Technology has played a huge role in the development of the network. However, over time, it becomes increasingly inadequate in terms of network address provision, service quality, and security. Linux is the first to support IPv6 in all operating systems. Generally, IPv6 can be used directly in Linux versions based on the 2.4 kernel. However, IPv6 modules are not loaded in the main release versions, you can use commands to manually attach a file, which requires the permissions of the Super User.

(1) load the IPv6 Module

Run the command to check whether the IPv6 address of eth0 Nic is inet6 addr: fe80: 5054: abff: fe34: 5b09/64.

# Modprobe IPv6

# Ifconfig

Eth0 Link encap: Ethernet HWaddr 52: 54: AB: 34: 5B: 09

Inet addr: 192.168.1.2 Bcast: 192.168.1.255 Mask: 255.255.255.0

Inet6 addr: fe80: 5054: abff: fe34: 5b09/64 Scope: Link

Up broadcast running multicast mtu: 1500 Metric: 1

RX packets: 0 errors: 0 dropped: 0 overruns: 0 frame: 0

TX packets: 21 errors: 0 dropped: 0 overruns: 0 carrier: 0

Collisions: 0 FIG: 100

RX bytes: 0 (0.0 B) TX bytes: 1360 (1.3 Kb)

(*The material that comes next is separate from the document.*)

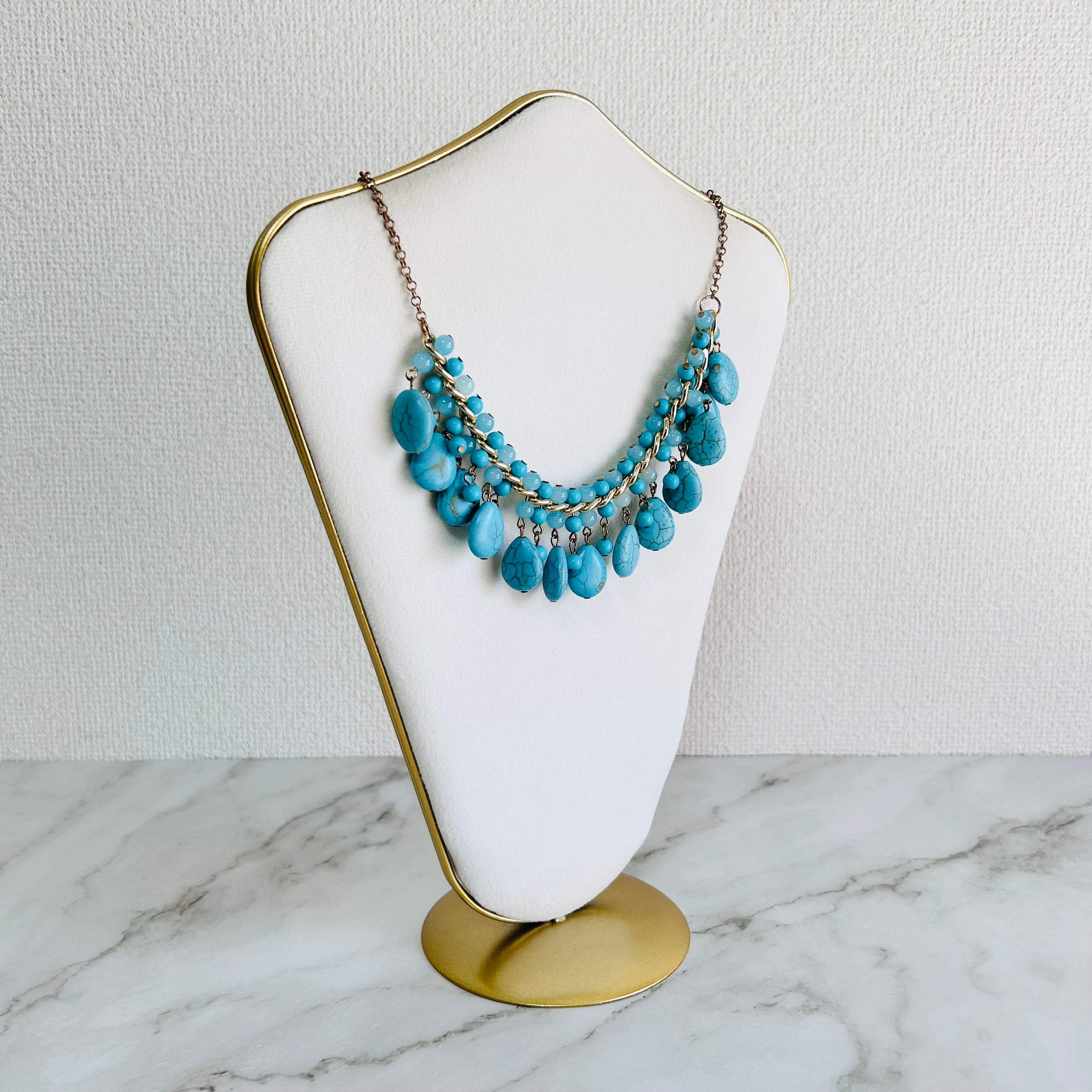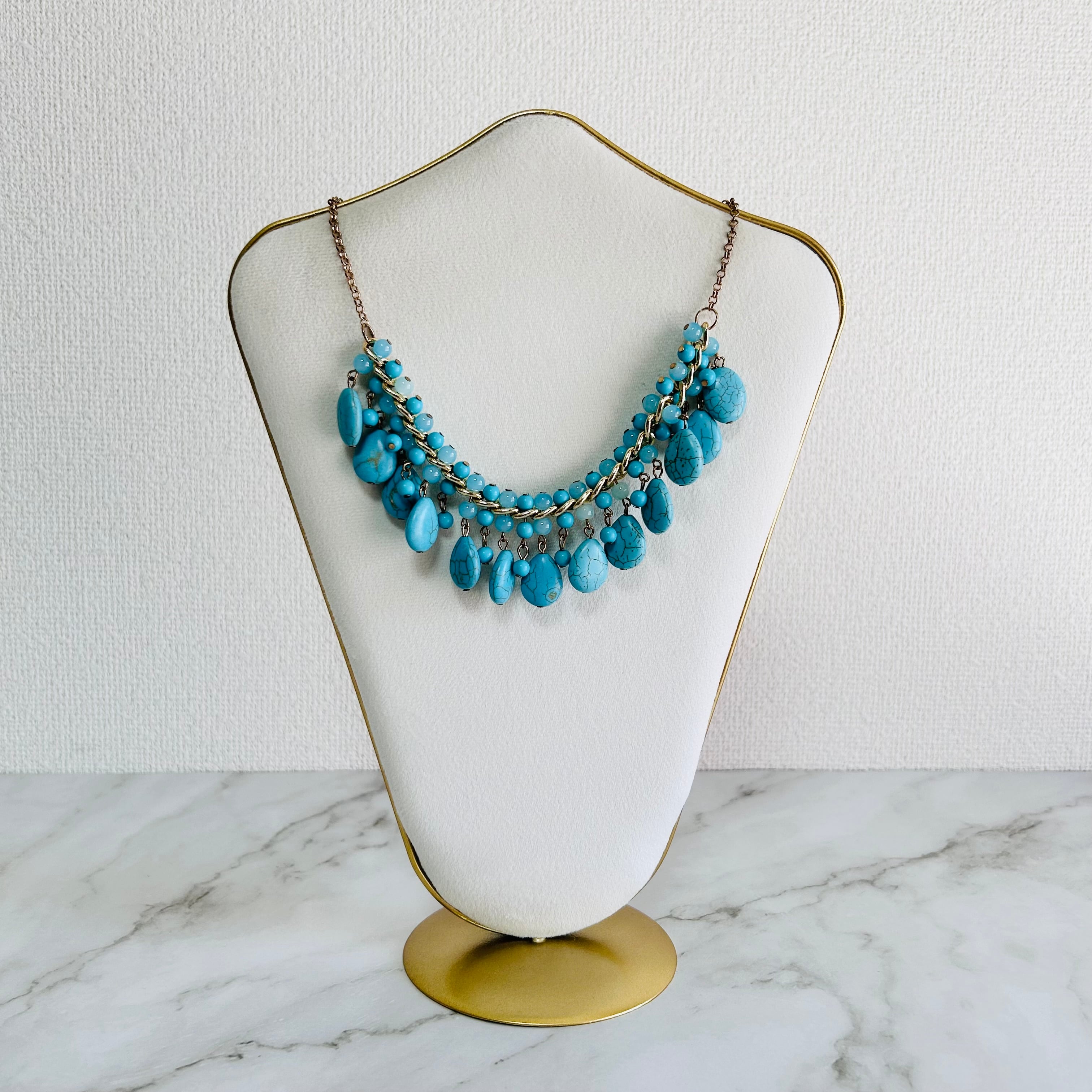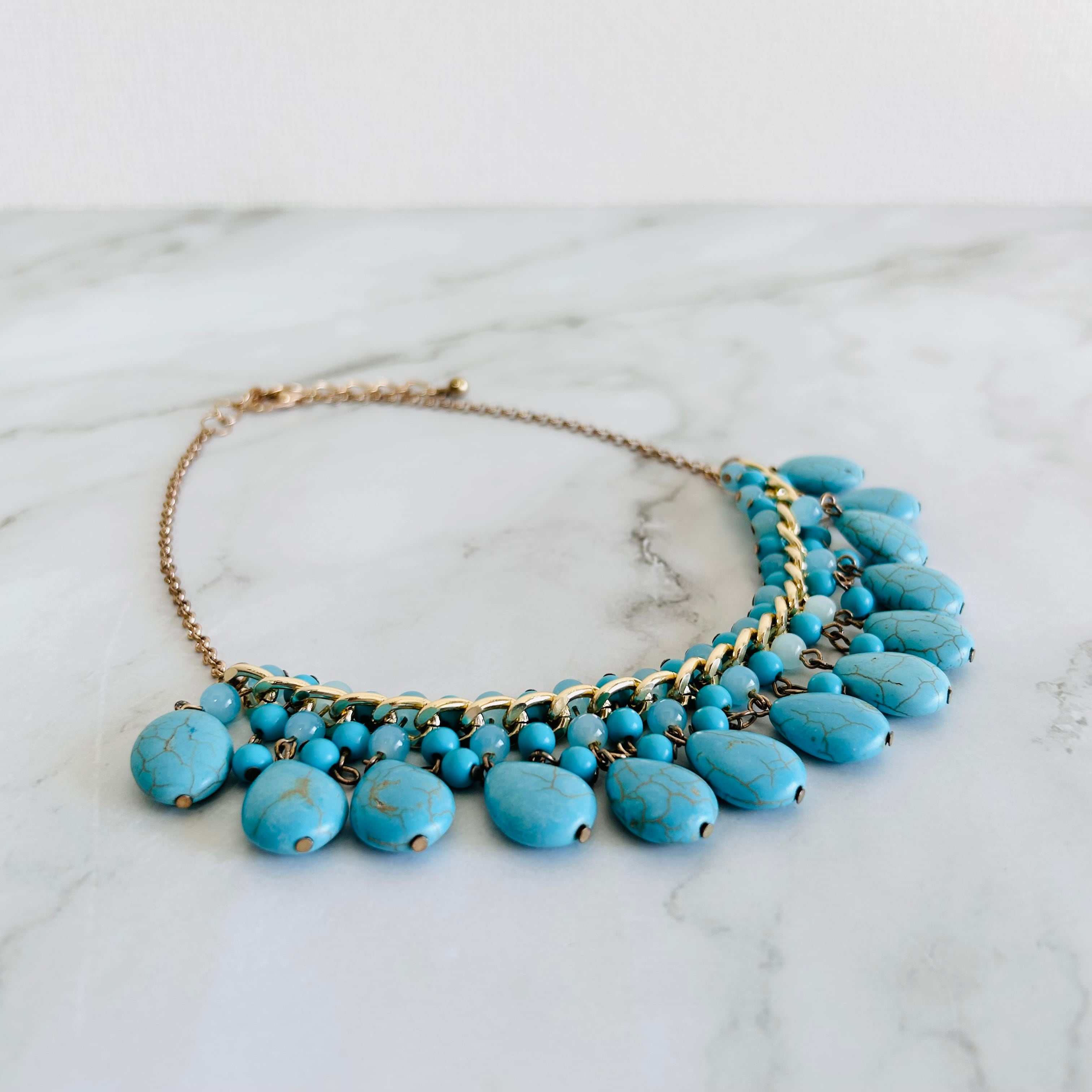 ターコイズカラーで統一したドロップ型のストーンとビーズパーツを贅沢にあしらったネックレス。

Interrupt: 5 Base address: 0xec00

(2) Use the ping command to check whether the IPv6 address of the NIC is valid.

# Ping6-I eth0-c 2 fe80 :: 200: e8ff: fea0: 2586

Unlike IPv4, you must specify a NIC interface when using the ping6 command. Otherwise, the system does not know which data packet to send. I indicates that Interface and eth0 are the first NICs,-c indicates a loop, and 2 indicates ping6 is operated twice.

(3) Use the ip command to add an ip address for eth0 in IPv6

# Ip-6 addr add 3ffe: ffff: 0: f101 :: 1/64 dev eth0

Run the ifconfig command to check whether the second IPv6 address appears on the NIC.

The main advantage of Linux network is that it can share resources and information, and users can access information remotely. Linux provides a powerful set of network commands to serve users, these tools help users set the network, check the network conditions, log on to a remote computer, transfer files, and execute remote commands. The above describes the important network commands in Linux. In fact, there are still many commands to learn about in Linux. One of the features of Linux network operating commands is that there are many Command Parameter options that do not need to be fully remembered. The key is to understand the main purpose of the command and learn to use help information.